Introduction

A number of treatment options are available for recurrent high-grade gliomas (r-HGG), including surgery, second-line chemotherapy, targeted agents therapy, and reirradiation. All strategies involve the high probability of controversial therapy-related side effects and may be feasible only within a subgroup of patients. Since approximately 80 % of cases of high-grade gliomas (HGG) recur within 2 cm of the primary tumors, where the highest doses of radiotherapy (RT) have already been delivered in the primary adjuvant or definitive setting [1], reirradiation is often restricted, because of the high risk of radiation toxicity.

To overcome this limitation minimally invasive treatments aiming at local control of disease, such as brachytherapy [2, 3], intermediate-frequency alternating electric fields [4], single-fraction radiosurgery (s-SRS) [5, 6], and multi-fraction radiosurgery (m-SRS) [6, 7] have been proposed. Radiosurgery (SRS) involves a brief, intensified regimen of tightly focused external photon beams targeting one or more discrete intracranial lesions. This peculiarity, together with the improvements in set-up accuracy, may permit a reduction in the prescribed dose volume, and may therefore be advantageous over standard RT. In the attempt to spare adjacent normal brain tissue and organs at risk of therapy-related side effects either s-SRS or m-SRS may be a safe and effective option delivering high radiation doses to small target volumes of previously irradiated tissue [8]. The ability of brain tissue to recover from sub-lethal damage—the principal factor determining the size of the reirradiation dose—was found to be dependent upon the initial biologically effective dose (BED), as well as the time interval between the initial exposure and reirradiation [9, 10]. Although brain, which is considered a late responding tissue, is more likely to be damaged by higher doses per fraction, SRS is more effective in sparing the surrounding tissue, thus counterbalancing the impact of high doses and reducing the grade and the rate of radiation-induced toxicity [11]. Fractionated SRS is more effective in sparing adjacent normal tissue since it exploits the radiobiological mechanism of recovery from sub-lethal damage. Theoretically, this latter modality may permit the safe treatment of larger target areas.

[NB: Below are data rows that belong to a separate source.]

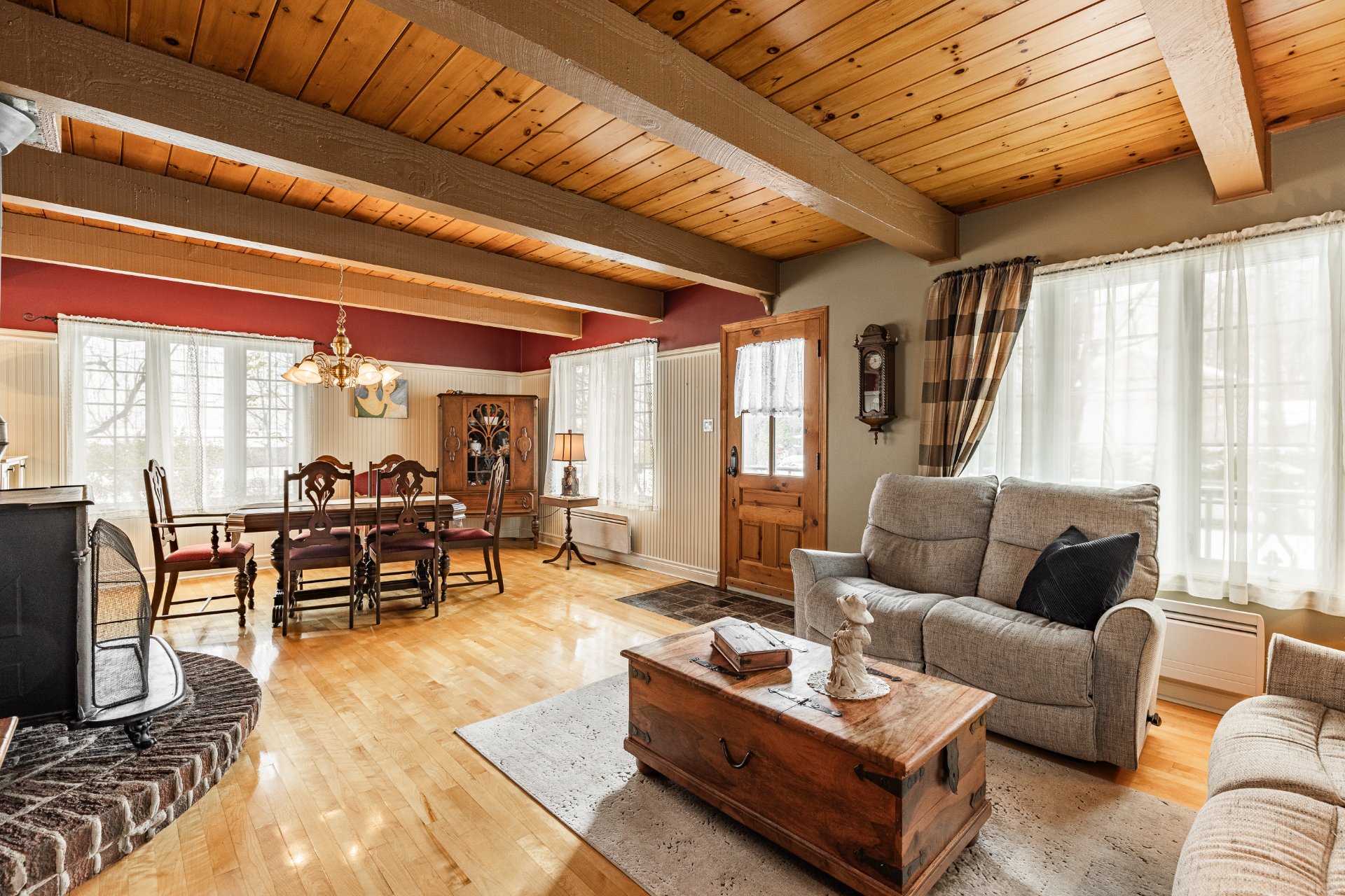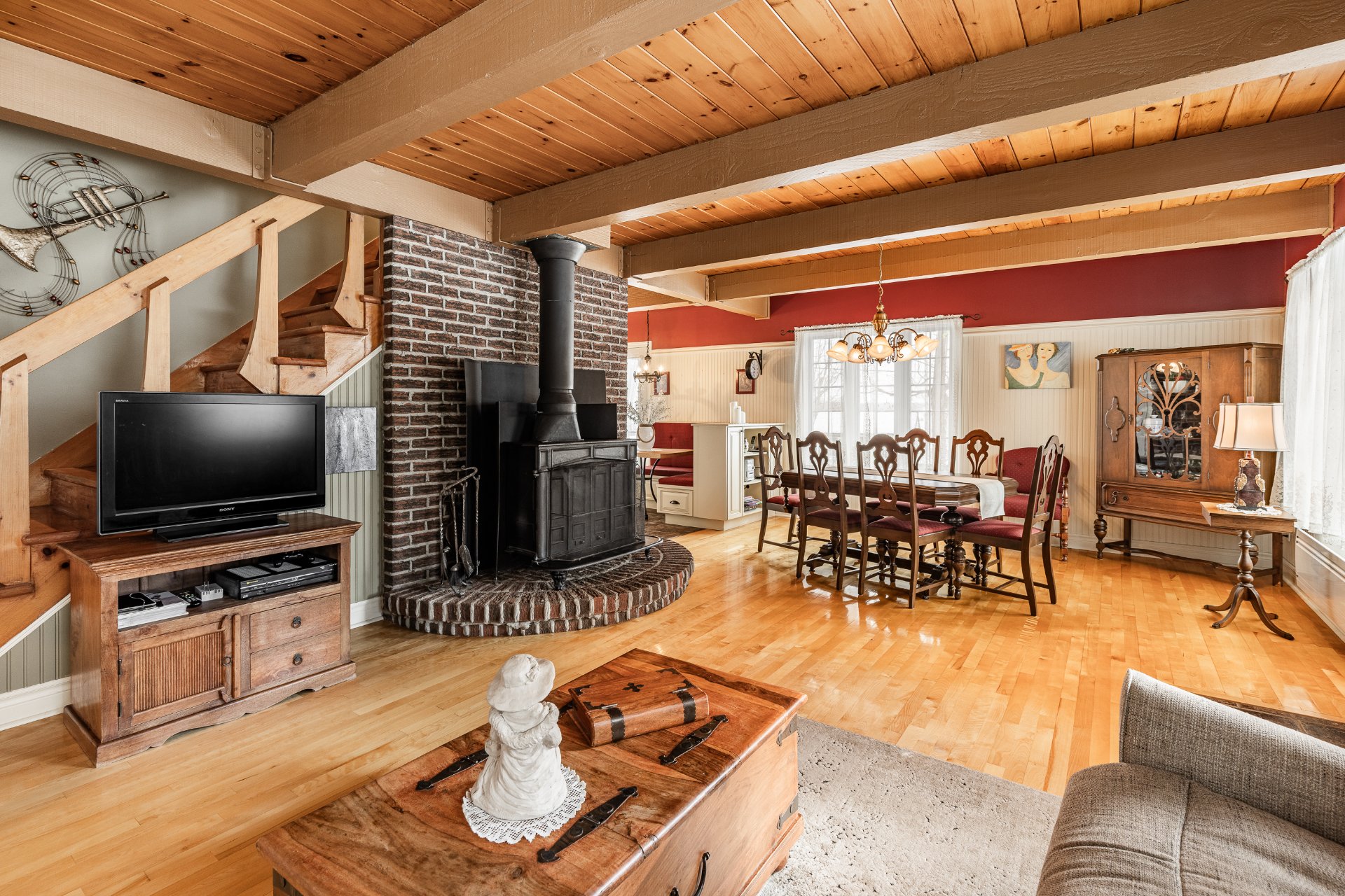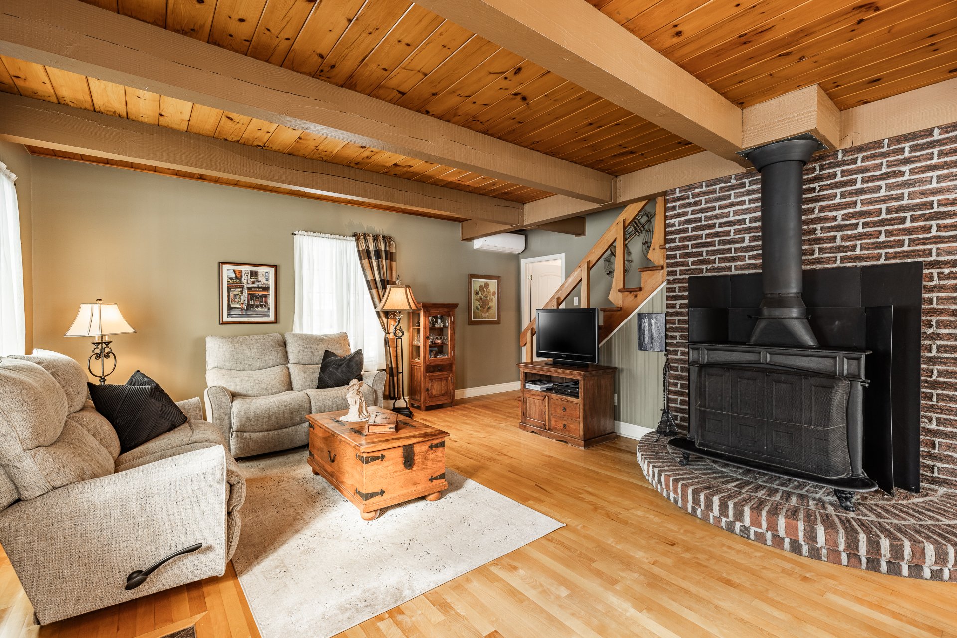 - Au rez-de-chaussée, vous trouverez un bel espace de vie à aire ouverte regroupant le salon, la salle à manger et la cuisine. Chacune de ces pièces bénéficie d'une excellente fenestration, offrant une luminosité optimale. La cuisine, fonctionnelle et conviviale, dispose d'un coin repas et de nombreux rangements. Le salon, agrémenté d'un foyer, crée une atmosphère chaleureuse lors des journées d'hiver, tandis que la salle à manger s'harmonise parfaitement avec l'espace. On y retrouve également une salle de bain avec rangement. L'ensemble est sublimé par de magnifiques poutres apparentes dans toutes les pièces de vie, ajoutant charme et caractère.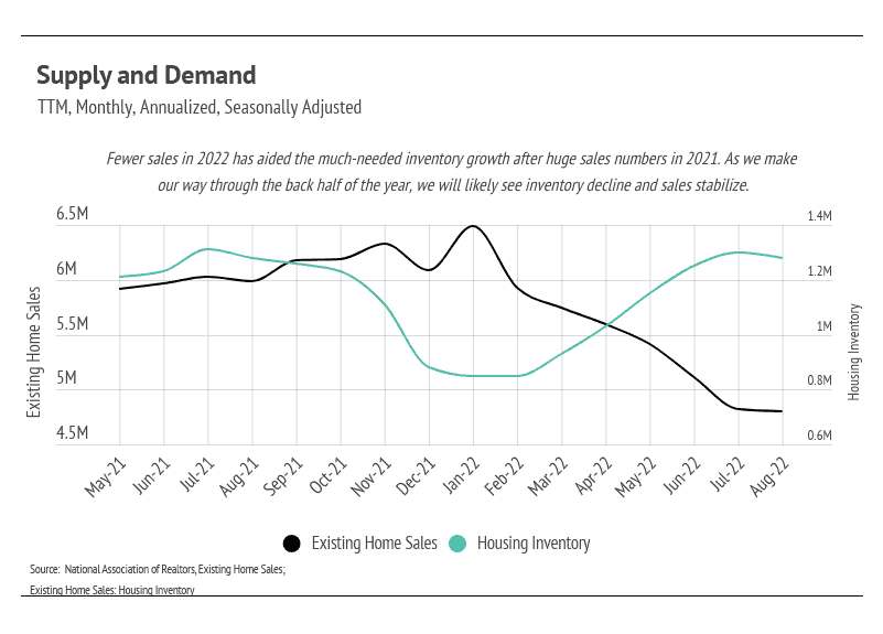 Demand for homes has declined over the past three months, which, besides the rate increase, is the seasonal norm. Because home sellers are often buying as they sell, new listings have dropped as well, causing inventory to decline. Inventory is still historically low and will be the one major buoy for home prices. The market has shifted to softening demand and softening supply. Mortgage applications are down 29% year-over-year according to the Mortgage Bankers Association. This, too, isn’t terribly surprising. Generally, homes aren’t bought and sold over and over in short time frames. The high number of sales in 2021 indicates fewer sales in 2022, especially because the buying incentives in 2021 are no longer in place. We can finally say that the market is cooling, but after the hottest two years since the mid-2000s, cooling indicates a healthier market.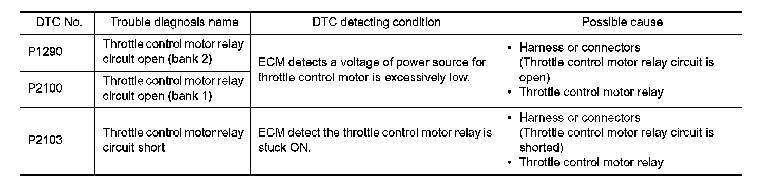P1290, P2100, P2103 THROTTLE CONTROL MOTOR RELAY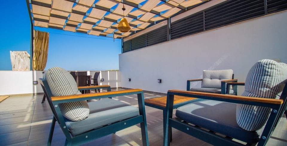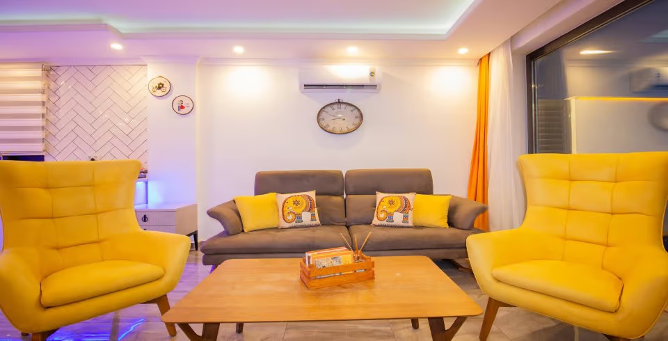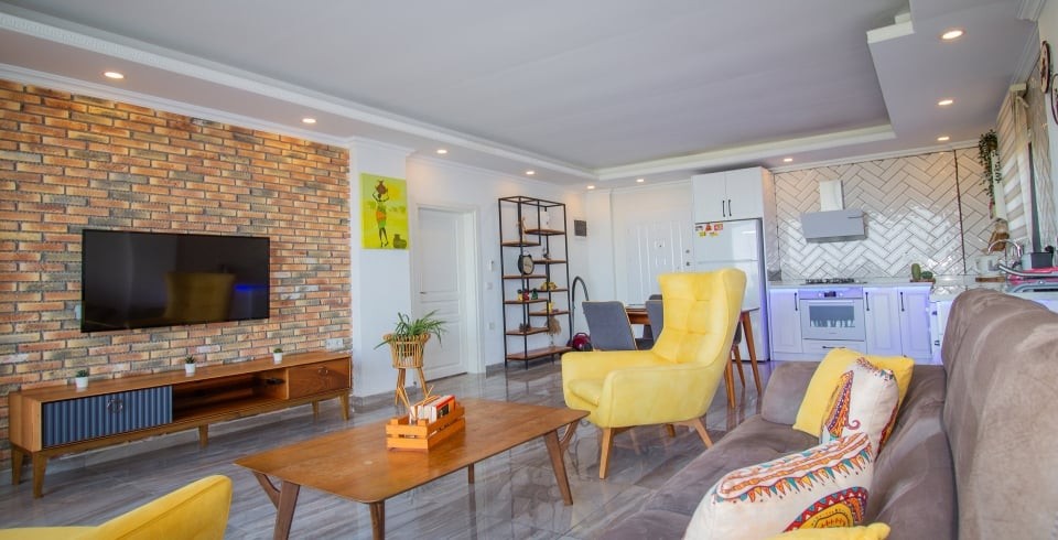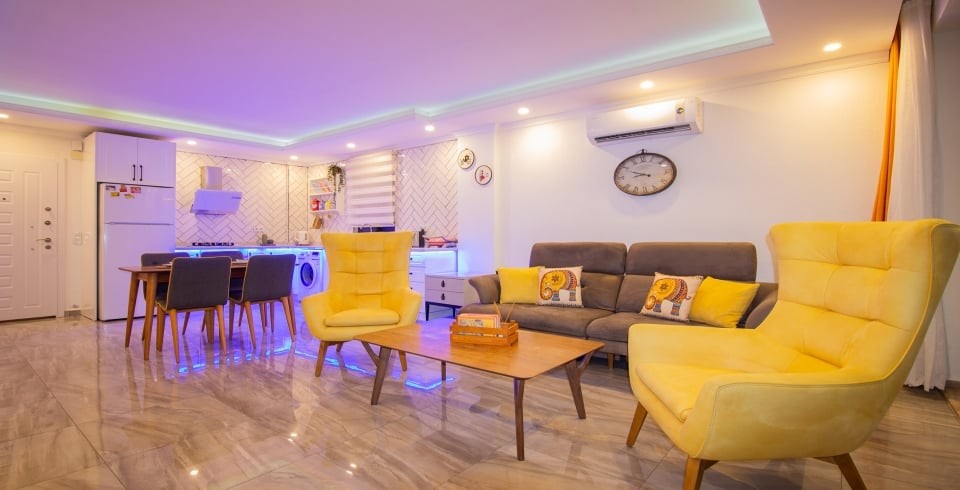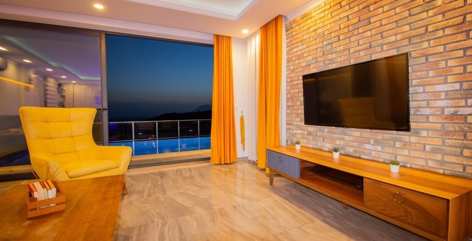 Salon : Villamızın iç dizaynı da son modaya uygun olarak modern bir şekilde tasarlanmıştır. Çeşitli dekoratif eşyalarla süslediğimiz salonumuz havuzlu bahçeye açılıyor. Villa salonunda oturma grubu, TV, internet, klima, sehpa bulunmaktadır.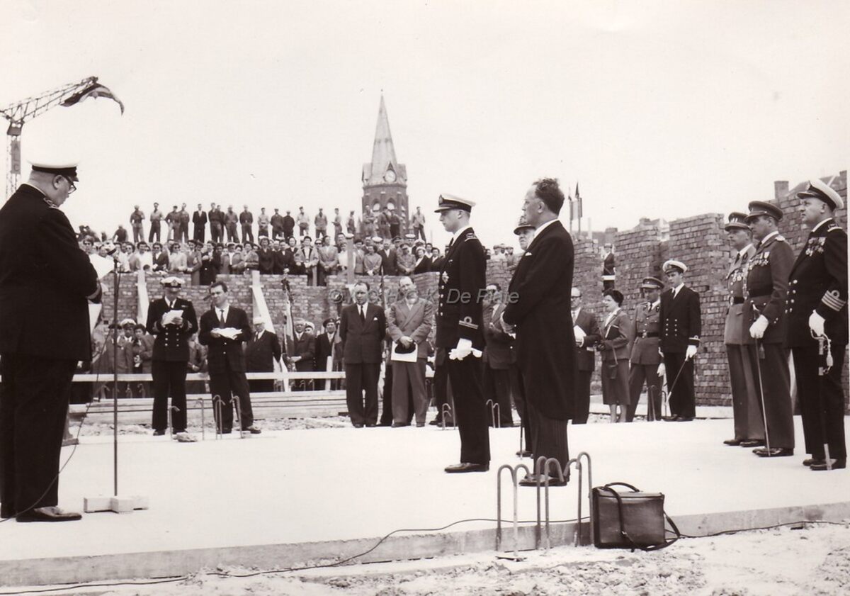 Prins Albert op de bouwwerf van een nieuwe blok in de Bootsman Jonsenkazerne (de ontmijningsschool ?).Op de achtergrond de toren van de nu verdwenen Hazegraskerk.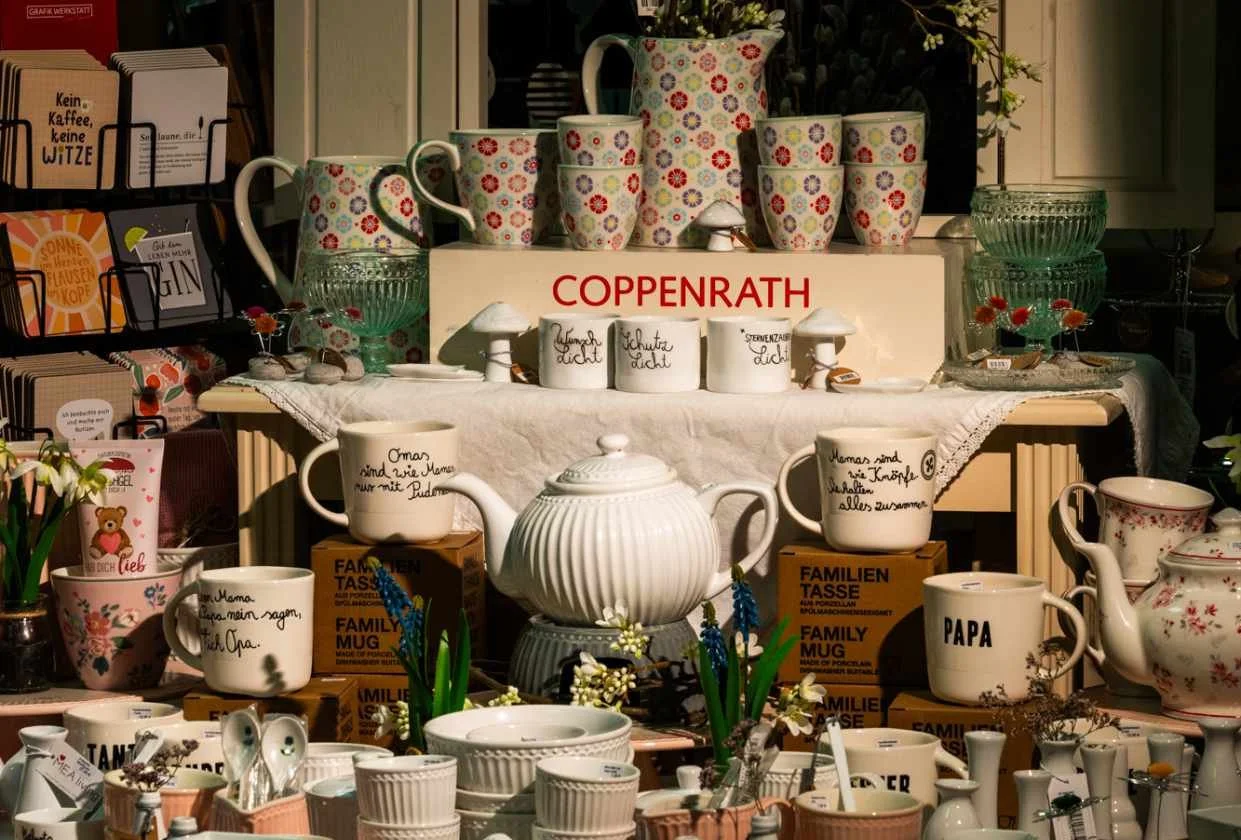 Kristina: Hübsche Geschenkideen und Kleinigkeiten zur Deko suche ich auf Messen persönlich aus. Oft begleitet von einer Mitarbeiterin oder Freundin. Präsentiert wird die Ware dann farblich und thematisch passend auf unseren Tischen oder auch in unserem Pavillon.

The current study evaluates the clinical results of SRS (both single- and multi-fraction) in 128 patients who had already undergone primary RT as adjuvant or definitive treatment in response to the question of whether different patterns of recurrences and features of treatment may affect survival. The object of the present retrospective study is to evaluate the effectiveness of salvage SRS in terms of overall survival; including an analysis of toxicity.

Patients and methods

Following the approval by Ethic Committee Board a retrospective review was performed. All analyzed patients had signed a written informed consent for the scientific use of medical data.

Between 2004 May and 2011 December, 128 consecutive patients with r-HGG lesions were treated with salvage radiosurgery at our Institute in collaboration with CDI (Centro diagnostico italiano, Milan), using CyberKnife®.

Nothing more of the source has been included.